[Records from a dataset]

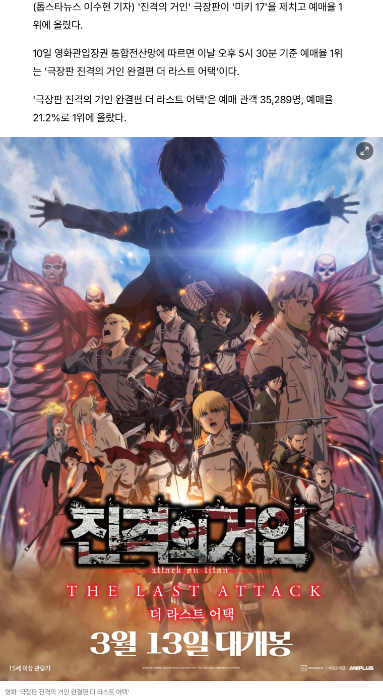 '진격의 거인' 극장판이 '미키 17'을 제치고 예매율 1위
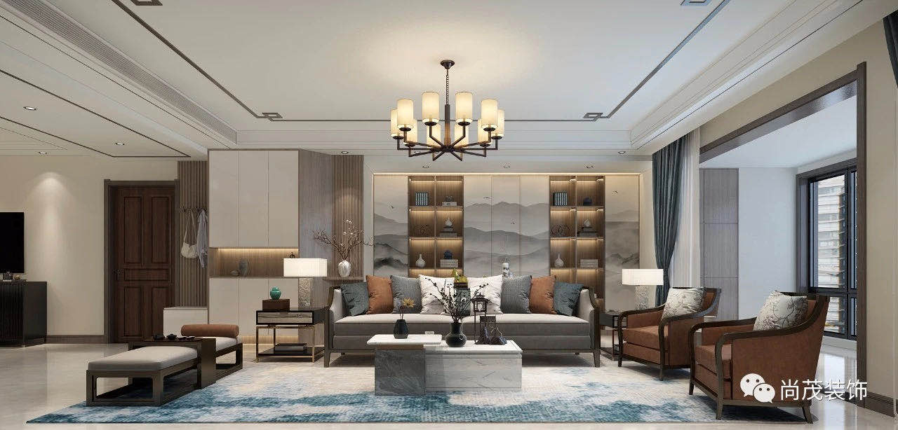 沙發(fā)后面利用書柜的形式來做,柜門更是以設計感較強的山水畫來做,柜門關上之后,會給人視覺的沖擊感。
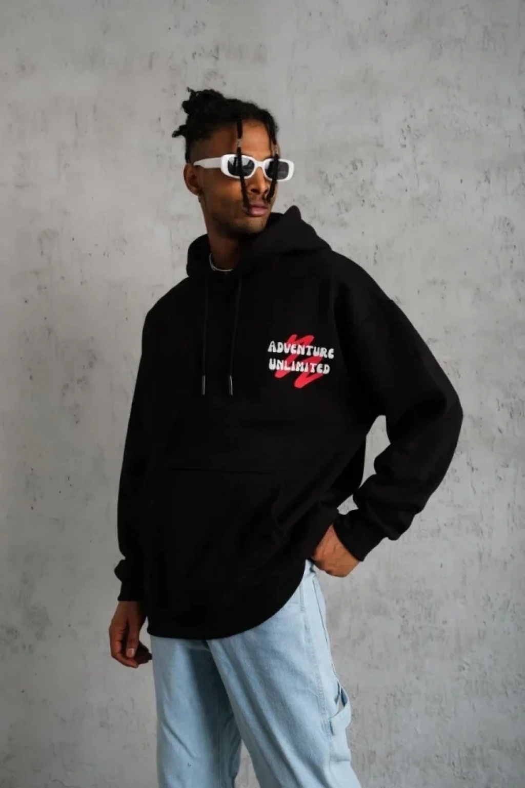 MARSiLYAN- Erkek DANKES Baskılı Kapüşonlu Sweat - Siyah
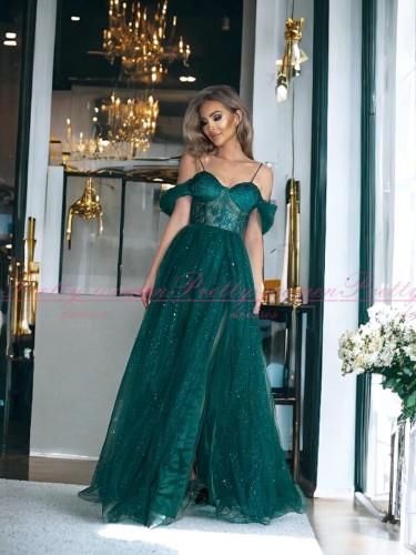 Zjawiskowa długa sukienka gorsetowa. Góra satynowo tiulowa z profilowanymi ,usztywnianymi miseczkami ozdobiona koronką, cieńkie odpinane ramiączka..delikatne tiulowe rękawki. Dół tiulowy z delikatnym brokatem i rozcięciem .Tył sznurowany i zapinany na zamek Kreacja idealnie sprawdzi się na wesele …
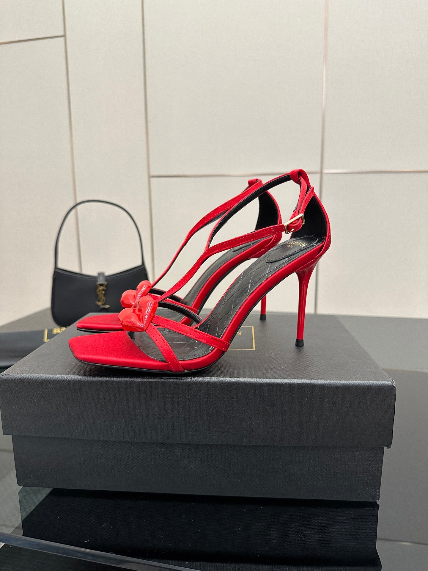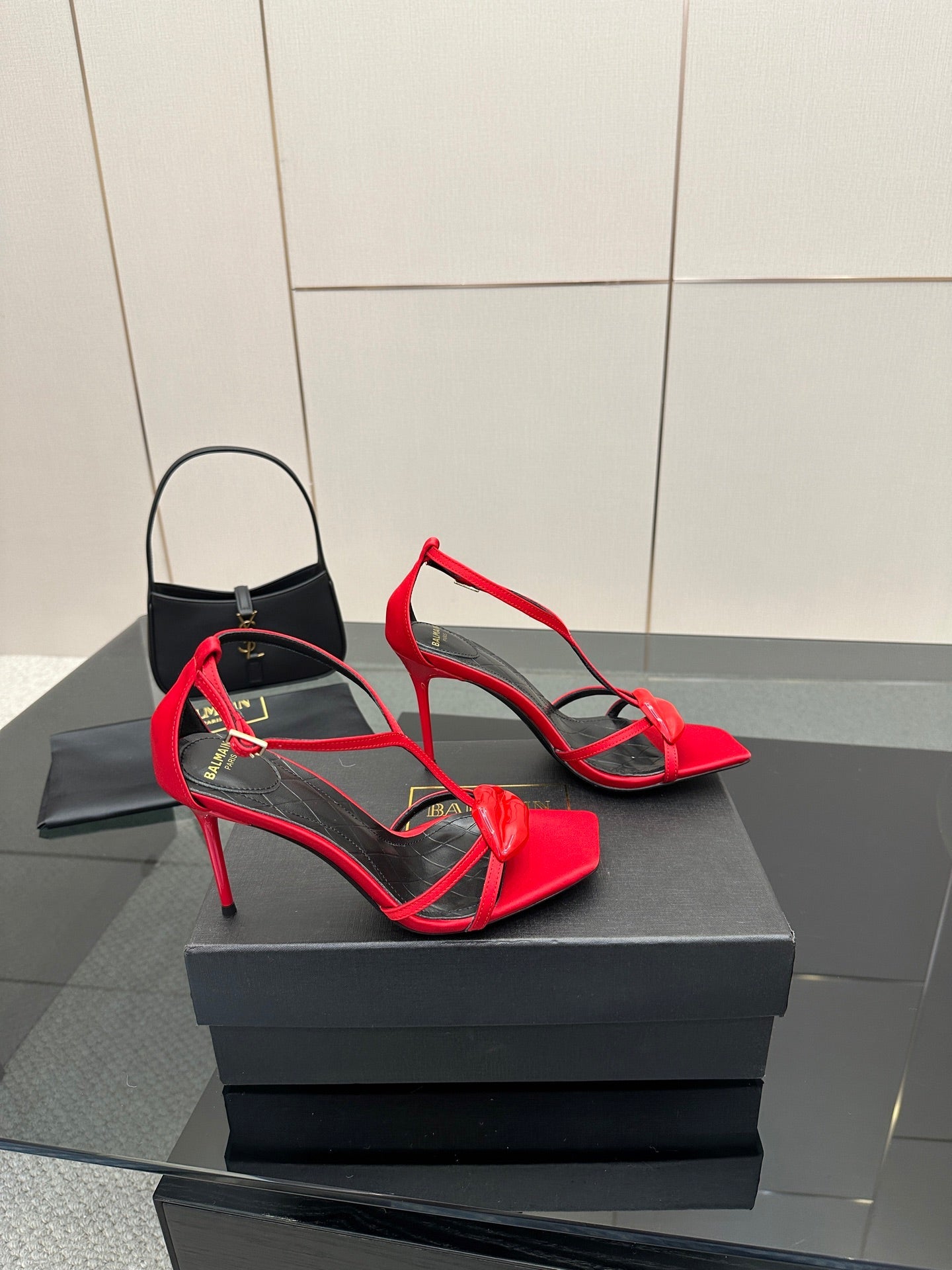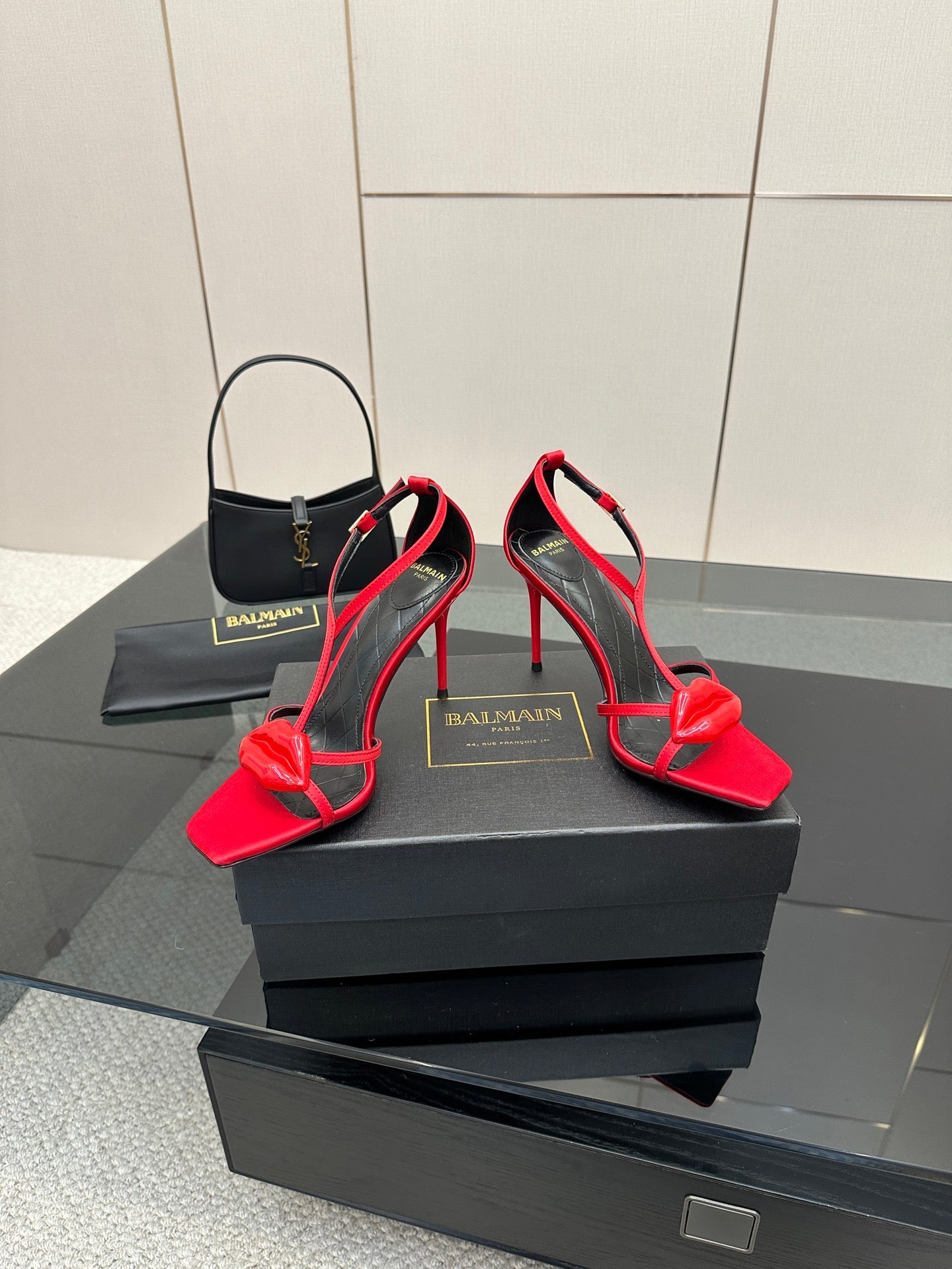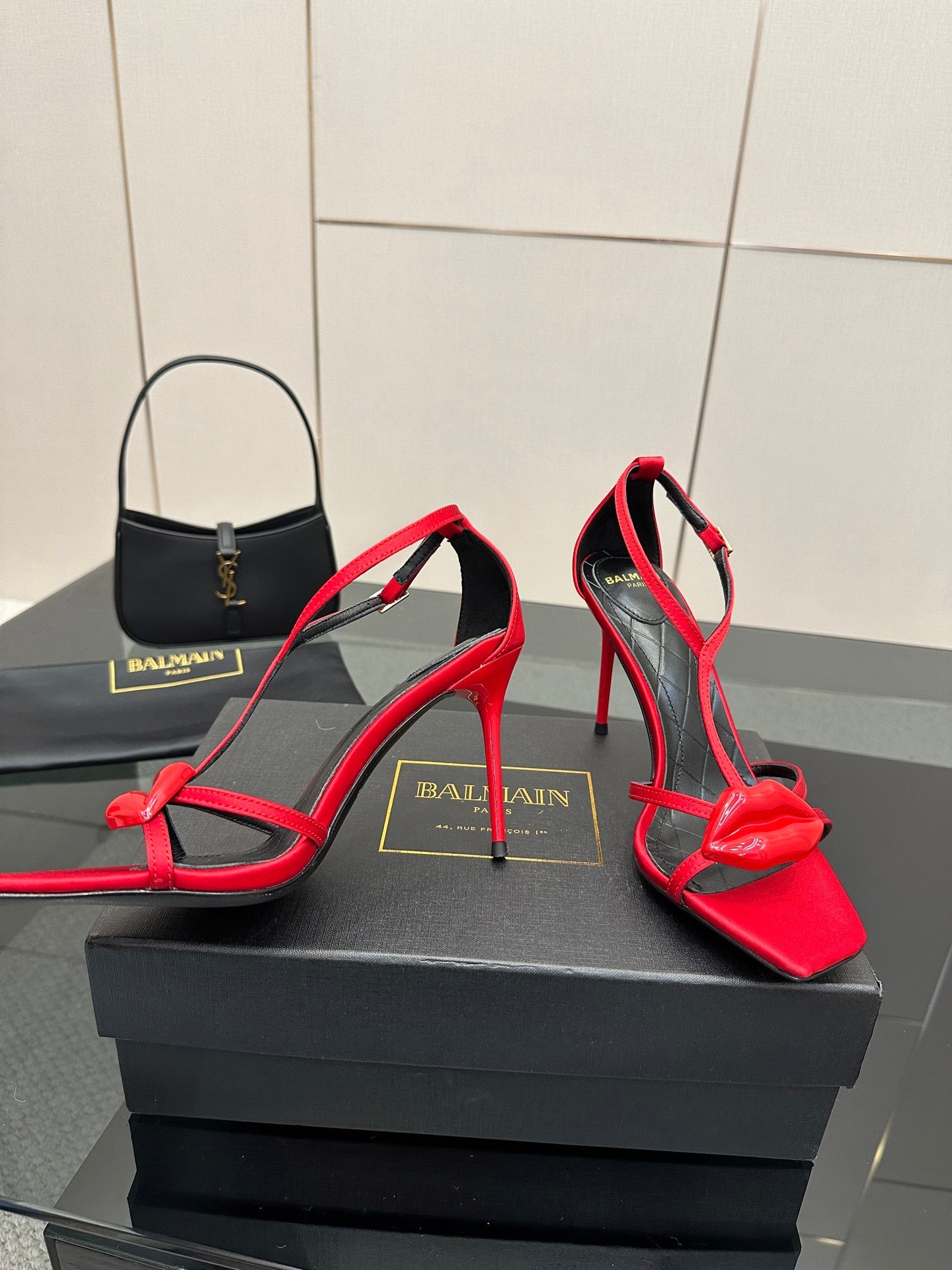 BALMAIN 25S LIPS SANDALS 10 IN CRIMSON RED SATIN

- [Task]: Generate a word-for-word copy of the preceding records, excluding all pictures.

- [Task response]:
 '진격의 거인' 극장판이 '미키 17'을 제치고 예매율 1위
 沙發(fā)后面利用書柜的形式來做,柜門更是以設計感較強的山水畫來做,柜門關上之后,會給人視覺的沖擊感。
 MARSiLYAN- Erkek DANKES Baskılı Kapüşonlu Sweat - Siyah
 Zjawiskowa długa sukienka gorsetowa. Góra satynowo tiulowa z profilowanymi ,usztywnianymi miseczkami ozdobiona koronką, cieńkie odpinane ramiączka..delikatne tiulowe rękawki. Dół tiulowy z delikatnym brokatem i rozcięciem .Tył sznurowany i zapinany na zamek Kreacja idealnie sprawdzi się na wesele …
 BALMAIN 25S LIPS SANDALS 10 IN CRIMSON RED SATIN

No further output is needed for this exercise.